- GOAL OF THE EXERCISE -
Print verbatim the lines from the beginning of the entries through the line containing "電線の接続と本体の固定が終わり、LEDランプを取り付ける部分を固定します。", both ends included. Pictures should be left out.

Source records
········

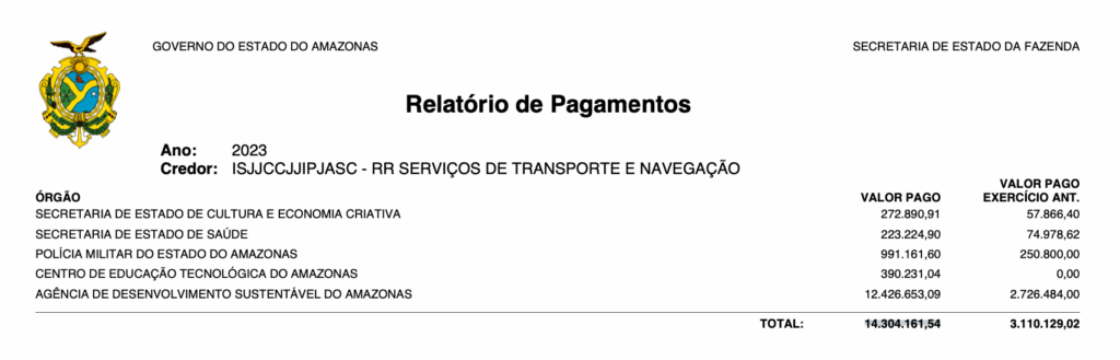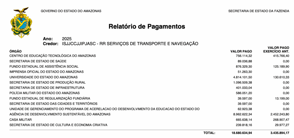 Mais recentemente, a R R Serviços de Transporte voltou a aparecer no Diário Oficial, desta vez como vencedora do Pregão Eletrônico nº 014/2025 da Agência Amazonense de Desenvolvimento Econômico, Social e Ambiental (Aadesam). A empresa levou os Lotes I, II e III por R$ 20.708.798,40, destinados à locação de veículos automotores.
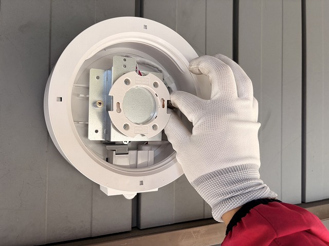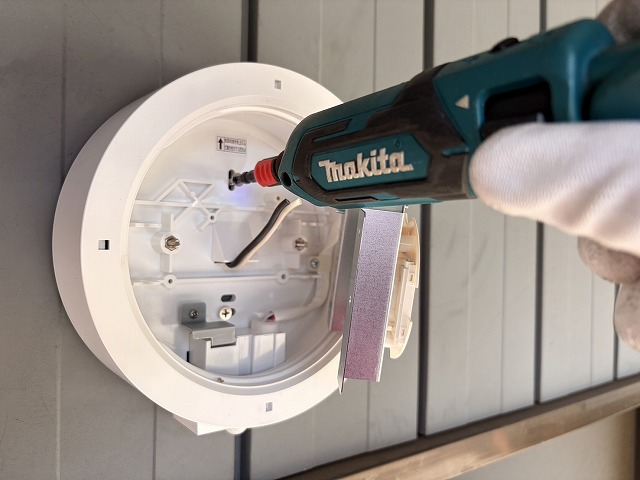電線の接続と本体の固定が終わり、LEDランプを取り付ける部分を固定します。
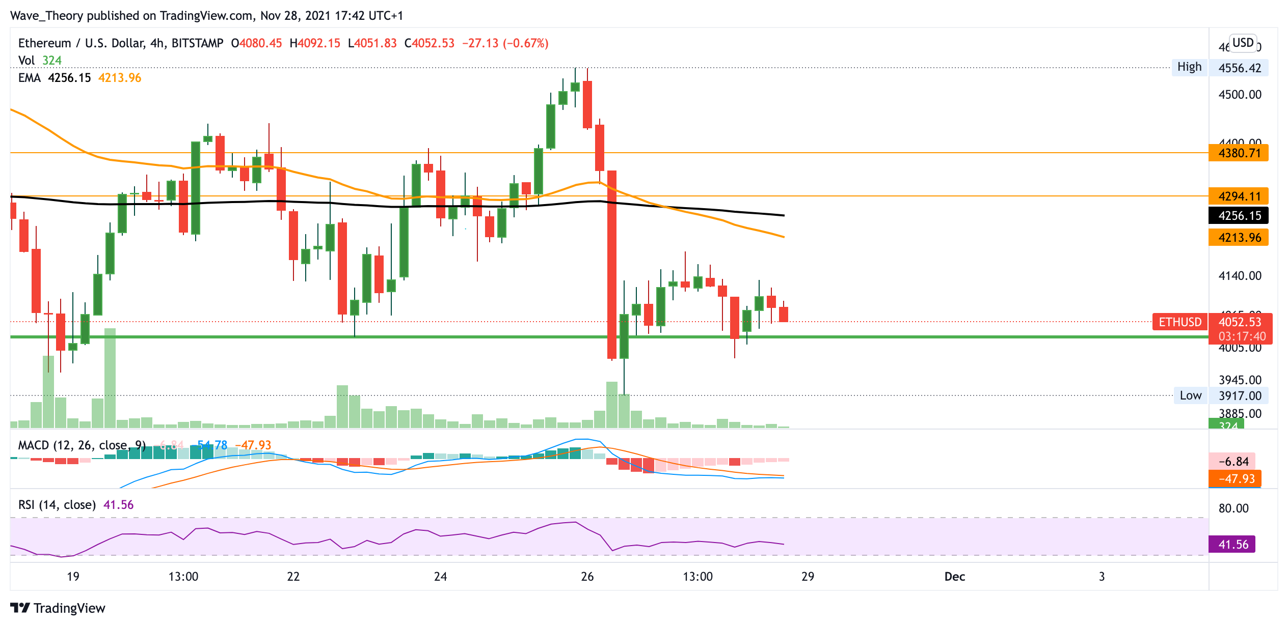 Im 4H Chart entwickelt sich der MACD hingegen bullisch, jedoch etablierte sich ein Death Cross der EMAs. Daher ist der Trend kurz-bis mittelfristig bärisch bestätigt, jedoch könnte Ethereum nach wie vor erneut an der Fib Unterstützung bei rund 4.000 USD abprallen. Sollte dies eintreten, findet der ETH Kurs bereits bei 4.400 USD seinen nächsten Widerstand.
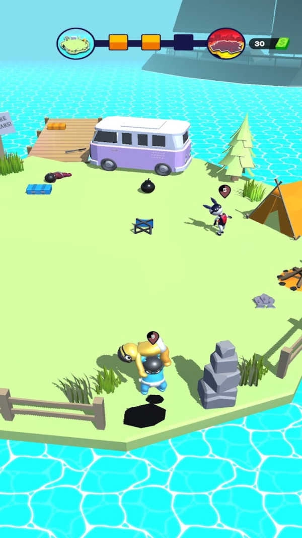 魔性有趣的动作竞技类游戏,游戏中玩家需要将所有的对手都扔出场地。
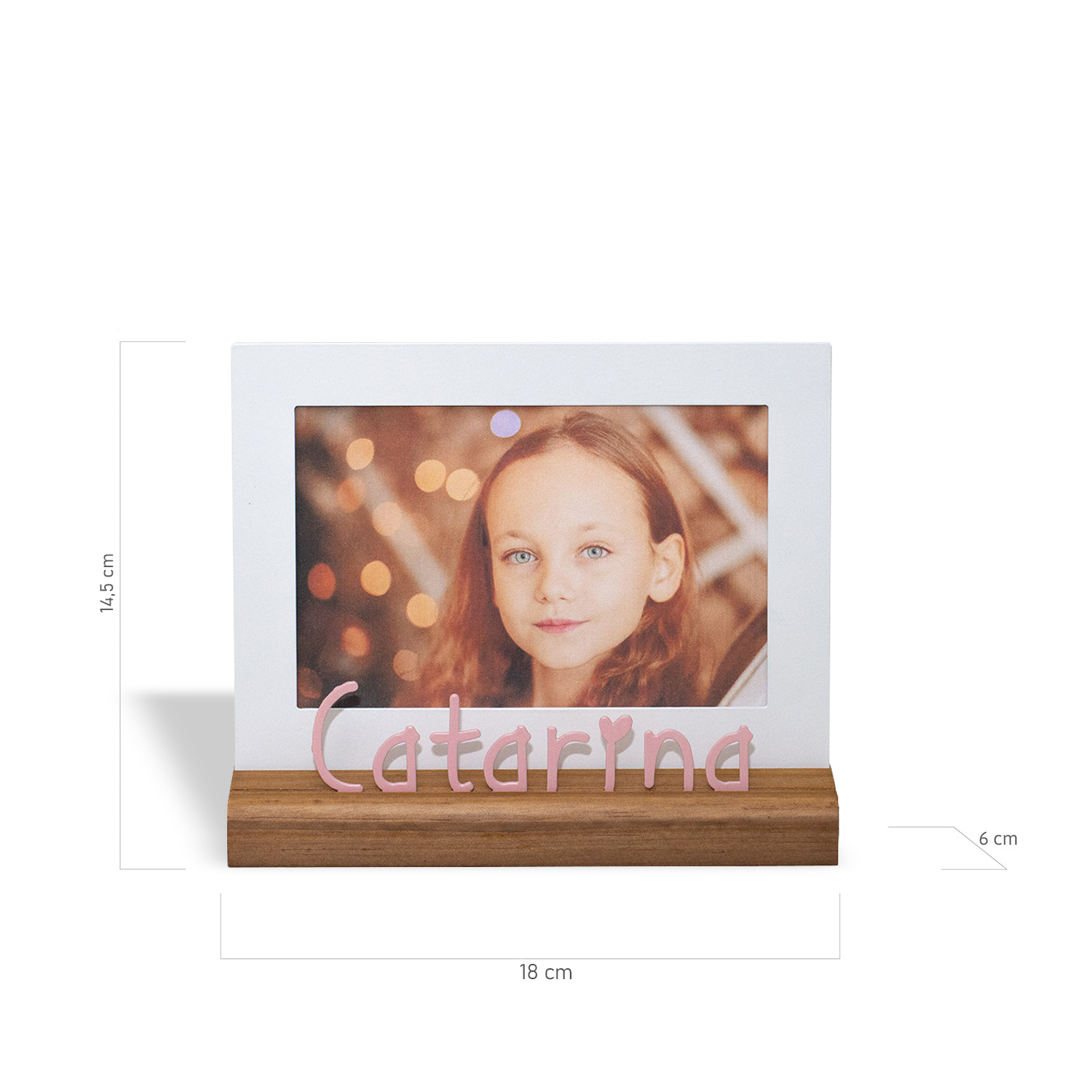 Catarina. Para eternizar momentos, presentear e decorar. Para foto 10x15cm na posição horizontal ou vertical. Produto de aço, acrílico e madeira certificada de reflorestamento fabricado no Brasil. A coleção Amor é inspirada nesse sentimento afetivo que faz com que uma pessoa queira o bem de outra. Faça a diferença compartilhando o amor: cuide, respeite, encante, supreenda, presenteie e ame.
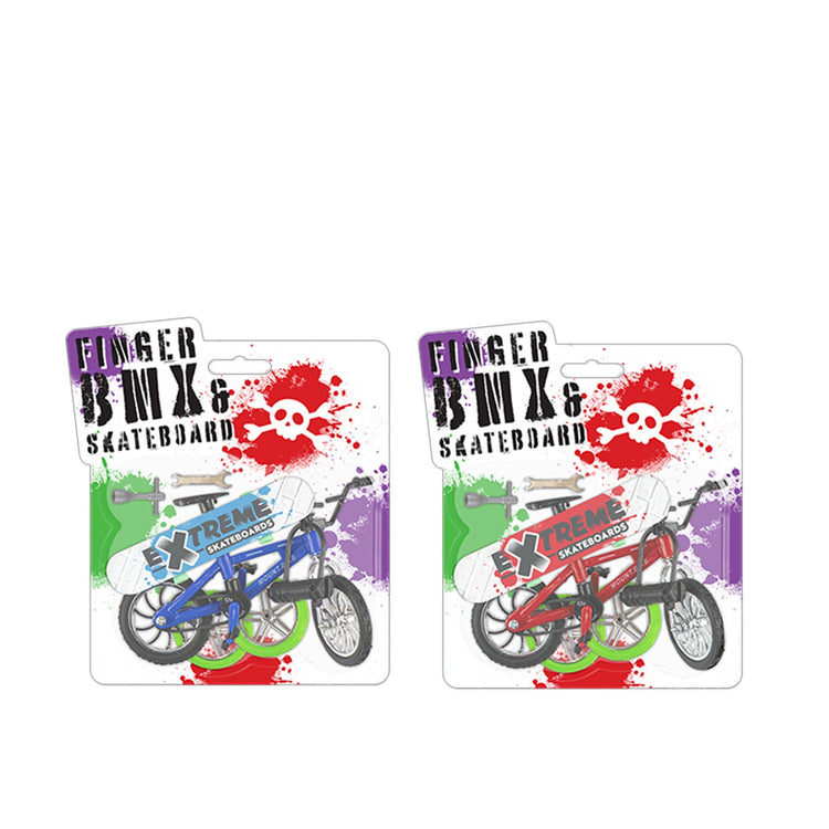 Micro finger BMX e skate, ótimo para entusiastas de skate e bike. Cada conjunto inclui uma bike, um skate e dois pedais. Cada brinquedo pode ser controlado para realizar truques com movimentos suaves dos dedos.
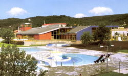 Umístění stavby do prostoru bývalé skládky a v těsné blízkosti řeky Ploučnice (tedy do zátopového území) značně ovlivnilo konstrukční řešení celého objektu, především samotného zakládání. Objekt je založen na velkoprofilových hlubinných pilotách a suterén tvoří kompaktní železobetonová vana s horní hranou v „Q100“ (tedy nad hladinou staleté vody). Nadzemní část objektu je pak kombinací zděných svislých, železobetonových vodorovných a doplňkových ocelových konstrukcí s částečně rovnou a částečně pultovou střechou. Kromě 25 m plaveckého bazénu se v objektu nacházejí dva venkovní a jeden vnitřní široký tobogán, dvě vířivky, relaxační bazén s průplavem do venkovní divoké řeky a dětské brouzdaliště. Dále je zde wellness, tělocvična, masáže, solária a další doplňkové služby. Samozřejmostí jsou šatny, sprchy a toalety pro návštěvníky, a to jak společné, tak i skupinové. Celý provoz je zde postaven na termální vodě, která je (po předupravení na pitnou vodu) využívána pro samotné napouštění bazénů, vytápění objektu pomocí tepelných čerpadel, sprchování a před vypuštěním do kanalizace i jako voda užitková.
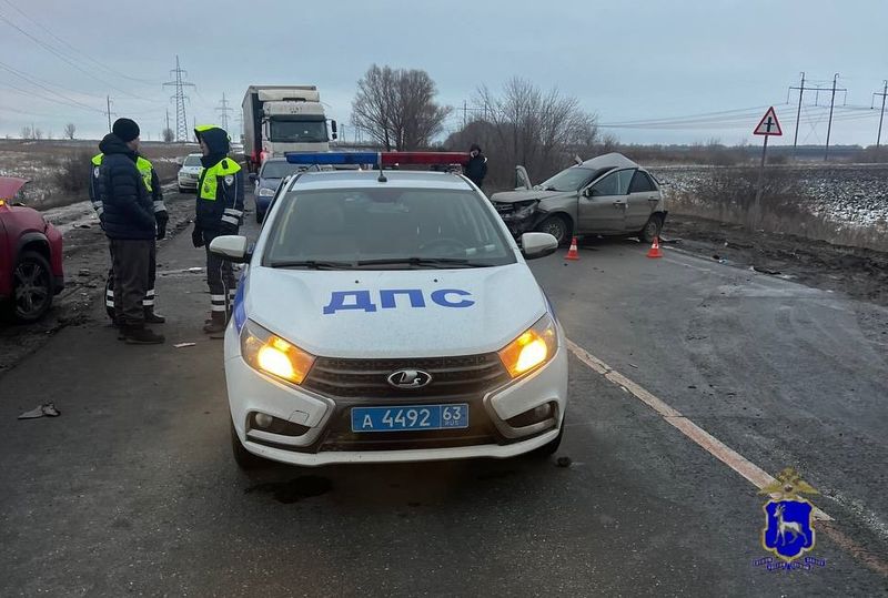 Полицейские из подбитой в ДТП машины бросились помогать раненым. Сегодня утром в Самарской области произошло смертельное ДТП - погибла женщина. По данным областного главка полиции, в 07:15 на 39 км автодороги «Самара - Пугачёв - Энгельс - Волгоград» столкнулись пять автомобилей. По предварительным данным сотрудников Госавтоинспекции, 40-летний водитель автомобиля Jetour не учёл погодные и дорожные условия, не выбрал безопасную скорость и дистанцию и допустил столкновение с автомобилем Lada Granta, который остановился на запрещающий знак светофора. В салоне Granta была пассажирка. От удара Granta столкнулась с впереди стоящей машиной - Chevrolet Lacetti. После этого отечественный легковой автомобиль выбросило на полосу встречного движения, где он лоб в лоб столкнулся с Renault Logan, который двигался на разрешающий сигнал светофора.
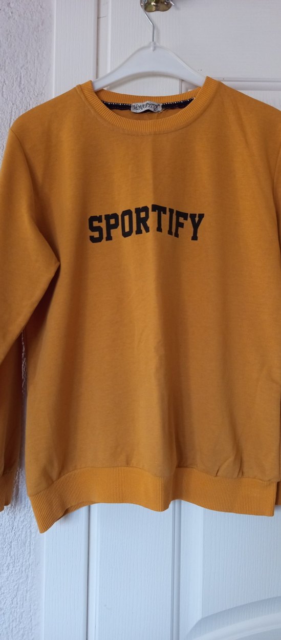 Sarı renkli, uzun kollu, yuvarlak yakalı, bol kesim kadın sweatshirt. Örme dokusu ve parlak yüzeyi vardır. Önünde 'SPORTIFY' baskısı bulunur.

········

- RESPONSE AREA -
 Mais recentemente, a R R Serviços de Transporte voltou a aparecer no Diário Oficial, desta vez como vencedora do Pregão Eletrônico nº 014/2025 da Agência Amazonense de Desenvolvimento Econômico, Social e Ambiental (Aadesam). A empresa levou os Lotes I, II e III por R$ 20.708.798,40, destinados à locação de veículos automotores.
電線の接続と本体の固定が終わり、LEDランプを取り付ける部分を固定します。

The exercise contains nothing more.